When the mill is producing at full capacity, it is processing 30 truckloads of logs a day into various forms of lumber, 80 per cent of which goes to Asia.

The mill employs 85 people for production and another 15 in backend roles.

Including the number of logging contractor employees the total work force generated by the business is about 140-150.

Keery said he is pleased that his workers are coming back after being laid off for the summer. “I was really concerned about that,” he said. “It seems that our employees have stuck with us and I appreciate that.”

He says the loyalty speaks to the workers’ attachment both to Terrace and to Skeena Sawmills as an employer.

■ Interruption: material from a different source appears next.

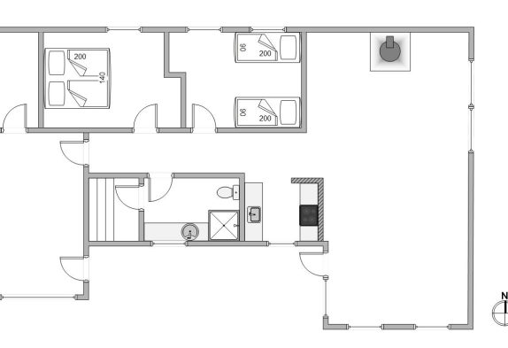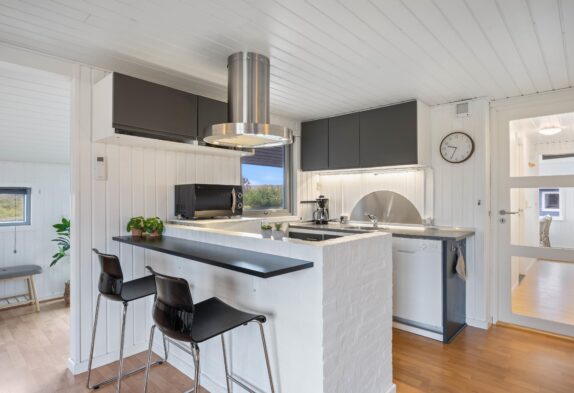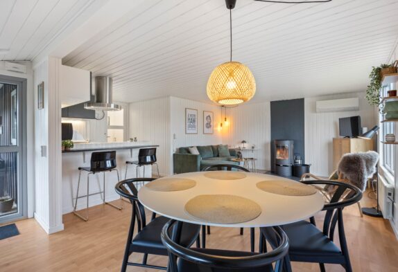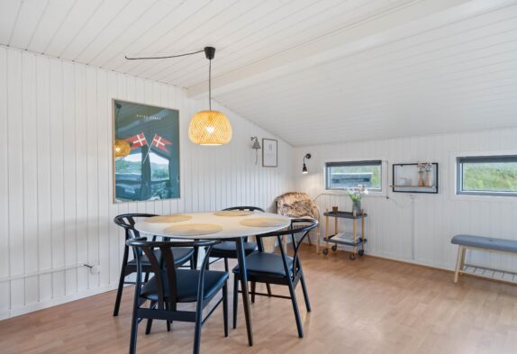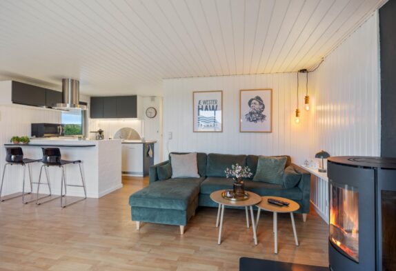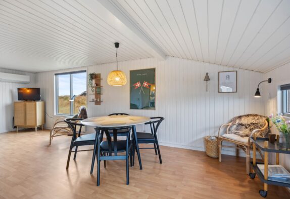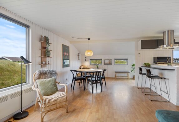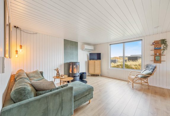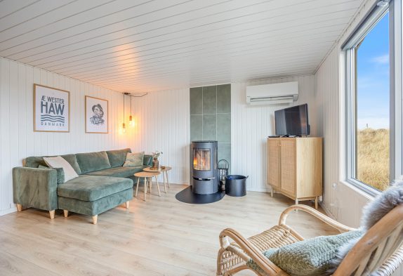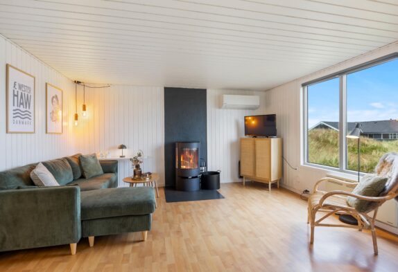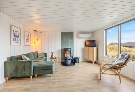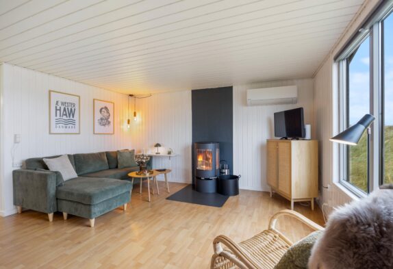 Feriehusets samlingspunkt er stuen, som ligger i åben forbindelse til køkken og spiseplads. I stuen er der en brændeovn, som både spreder varme og en ekstra hyggelig feriestemning på en regnvejrsdag. Sommerhuset har også en udestue, hvorfra I har en skøn udsigt til det naturskønne område. På badeværelset finder I en sauna, som er dejlig afslappende efter en lang gåtur ved det brusende Vesterhav. Her er desuden gulvvarme og vaskemaskine. Til en god nats søvn er der 2 gode soveværelser, hvoraf det ene er indrettet med dobbeltseng. På det andet værelse finder I 2 enkeltsenge.

“I think part of it was timing, everyone in Terrace likes the fishing season over the summer and I think took advantage of that, and I think Terrace is a good place to live and we are a good employer and people believed that we were going to go back to work and stuck with us,” Keery said.

The halt in production saw stacks of lumber waiting in its Terrace yard and at Prince Rupert, waiting to be shipped to Chinese end markets.

With such a large proportion of the mill’s customers residing in China, that leaves 20 per cent up for domestic sales.

The U.S. is a challenging market for the Terrace-based mill because of its distance and lack of direct rail access which means wood has to first be moved through Vancouver.

“We’re freight-disadvantaged to get to the U.S.,” Keery said.

Another reason why U.S. buyers are scarce is because they are looking for treated wood. “We don’t have enough kiln capacity,” said Keery.